Problem to work on: Reproduce everything from the line that contains "عامل يقوم برش" down to the line that contains "Our staple shirt" in the listing below, word for word and nothing more. Leave the pictures out.

Input records:
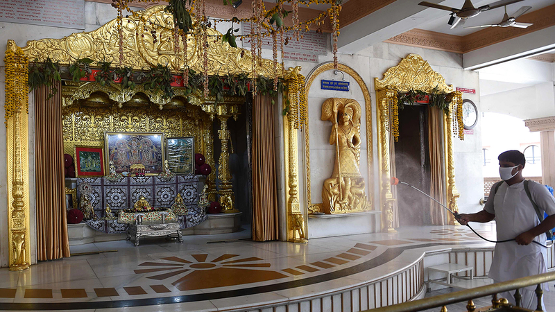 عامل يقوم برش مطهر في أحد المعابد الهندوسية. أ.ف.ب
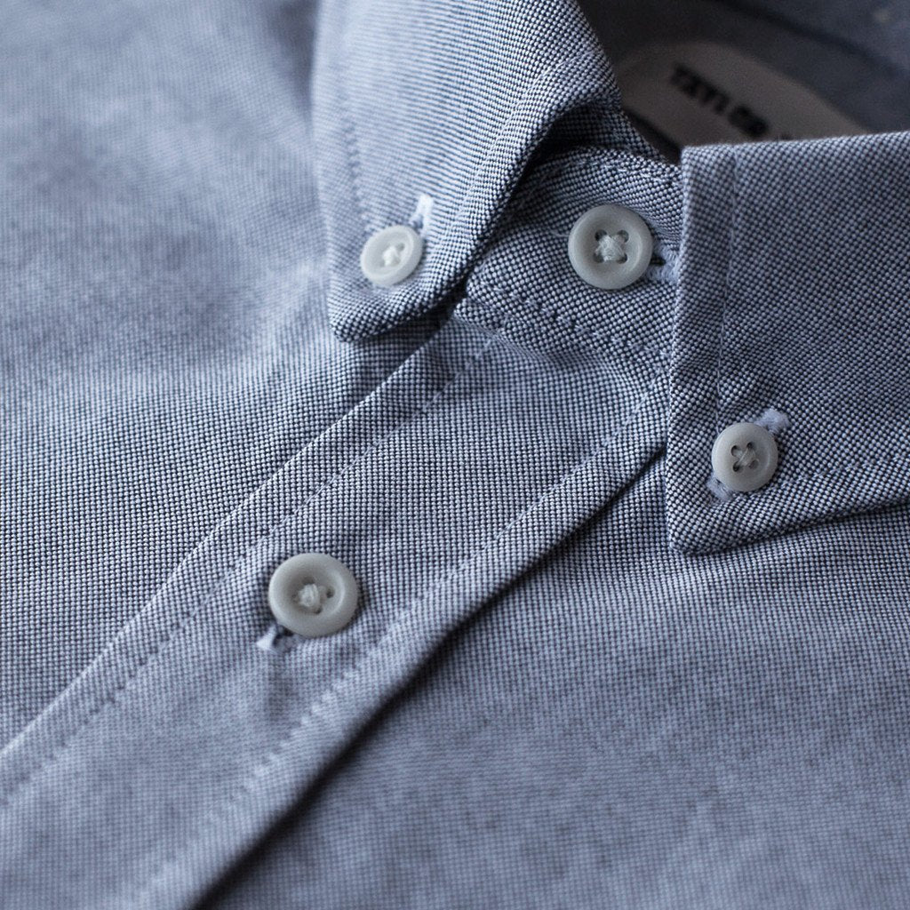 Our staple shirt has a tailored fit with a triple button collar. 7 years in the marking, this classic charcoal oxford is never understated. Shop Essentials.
---
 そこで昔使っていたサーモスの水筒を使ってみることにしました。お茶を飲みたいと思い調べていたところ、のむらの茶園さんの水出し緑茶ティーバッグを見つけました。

The completed task:
 عامل يقوم برش مطهر في أحد المعابد الهندوسية. أ.ف.ب
 Our staple shirt has a tailored fit with a triple button collar. 7 years in the marking, this classic charcoal oxford is never understated. Shop Essentials.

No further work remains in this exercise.